- Born: 1974 or 1975 (age 51–52)
- Origin: Pennsauken, New Jersey, U.S.
- Genres: Pop, R&B
- Occupations: Singer, actress
- Instruments: Vocals, guitar
- Years active: 1996–present
- Labels: J:Funk Recordings, Soulfuric Trax
- Member of: OffWorld

= Krysten Cummings =

American actress

Krysten Cummings (born ) is a stage and film actress. She is also a musician. She appeared as Tina in the 1997 production of The Fix, and as Mimi in the 1998 version of the musical Rent for which she was a 1999 Olivier Award nominee.

==Background==
Cummings is originally from Pennsauken Township, New Jersey. As a stage actress, she got her start at age 17 at the Ritz Theatre in Haddon Township, New Jersey. She graduated in 1992 from Camden Catholic High School. By 2014, she had been in more than 20 theatrical productions, and musically performed in more than 30 countries. Her career has taken her from Broadway to the West End in London.

She had a co-starring role in the 2009 horror, The Descent Part 2.

While she was in London, she came in to contact with Richard Archer, who fronted the rock band Hard-Fi. Certain recent-then events in the media put them both in a musical collaboration.

==Stage==
Cummings played the original part of Tina in See Jane Run which premiered at London's Donmar Warehouse in 1997.

She was part of the ensemble of the Jesus Christ Superstar Arena Tour, and was a soul girl on the song "Superstar", sang by Tim Minchin.

In 2014, she performed a one-woman show at the Ritz Theatre for the "Build Jake's Place" project.

In 2015, she played the part of Mimi Marquez, a woman with HIV positive in the production of Rent which played at the Ritz Theater in Haddon Township NJ. In late 2015, it was announced that Cummings along with Debbie Kurup and Damien Flood would be appearing in the Seasons of Larson concert, a celebration of the life of Broadway composer Jonathan Larson. The concert was to be held at London's Lyric Theatre.

In late 2017, she played the Fairy Godmother in the Cinderella at the Hackney Empire Theatre.

She is a co-creator of The Bisley Boy, a gothic musical fantasy that follows the private life of Bram Stoker, which was to run at the Ritz Theatre from September 16 to October 2, 2022.

==Film work==
Cummings provided the voice for Submerge in the 2009 sci-fi film, Ghost Machine which was directed by Chris Hartwill.

She played the role of Deputy Elen Rios in The Descent Part 2, a horror film about cave crawling creatures. It was the sequel to the 2005 film, The Descent. Cummings' character Rios was the only one to survive the ordeal following Shauna Macdonald's character Sarah sacrificing herself to let her escape.

==Music==
In 2009, the single, "Sunrise" by Hoxton Whores feat. Krysten Cummings was released.

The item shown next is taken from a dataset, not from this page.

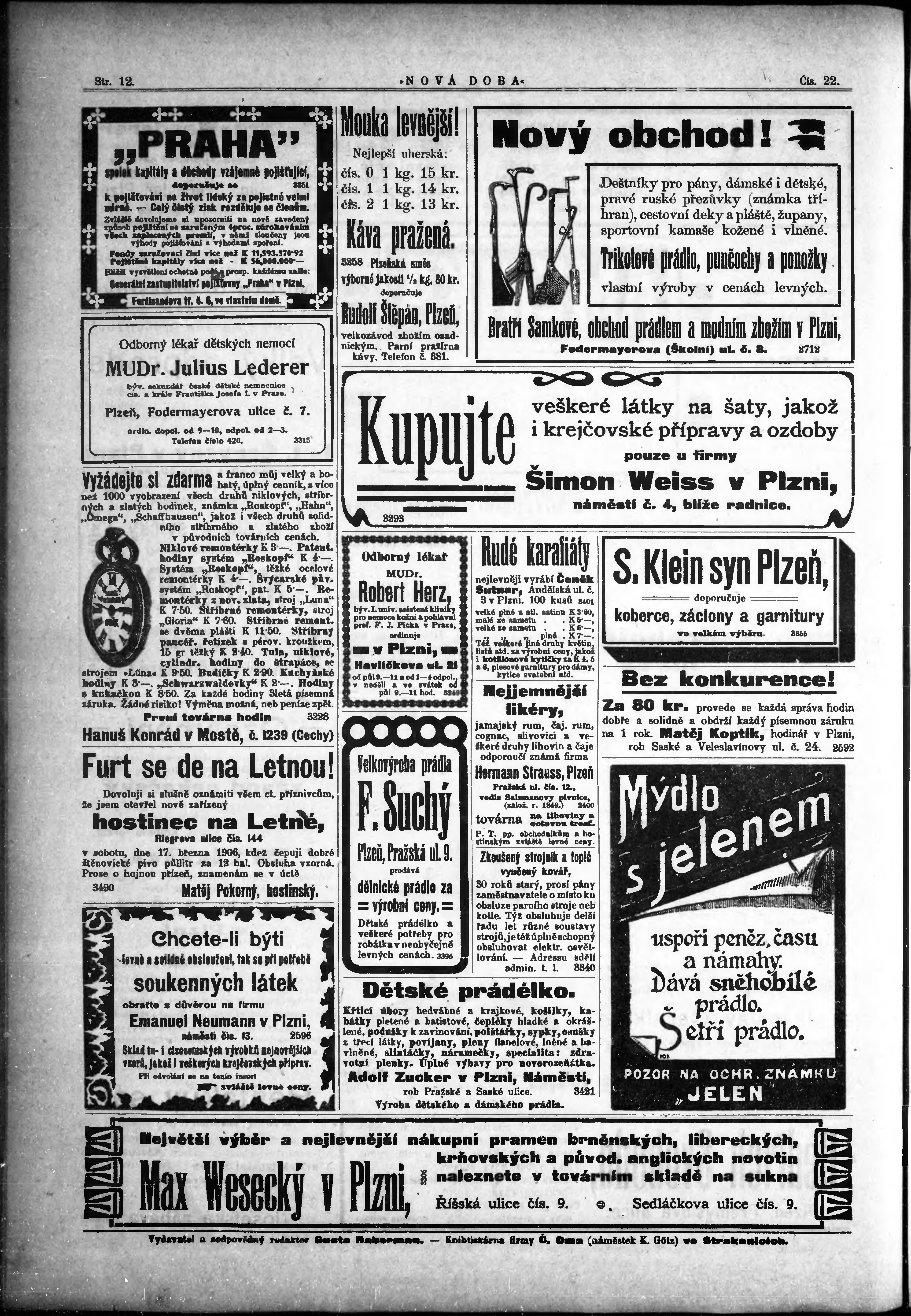 * Datum vydání výtisku: 17.3.1906 Číslo výtisku: 22

In 2013, she backed Bonnie Tyler on her song, "Believe in Me at the Eurovision Song Contest that year. She later backed Elnur Huseynov on his song, "Hour of the Wolf" at the 2015 Eurovision Song Contest.

In 2020, Cummings was a member of the band OffWorld which was made up of Richard Archer, herself, Wolsey White, Smiley Barnard and Dale Davis. Playing a mixture of blues, gospel and soul, on April 9 they released their EP, Brave to Be Alive. Later that month they released a single, "Burnt Out Star". Also that month Cummings and Richard Archer performed a set of songs from his home which included songs from the EP and some Hard-Fi songs. It was part of the Royal Albert Home sessions. The songs were transmitted from the homes of the artists while the Royal Albert Hall was closed.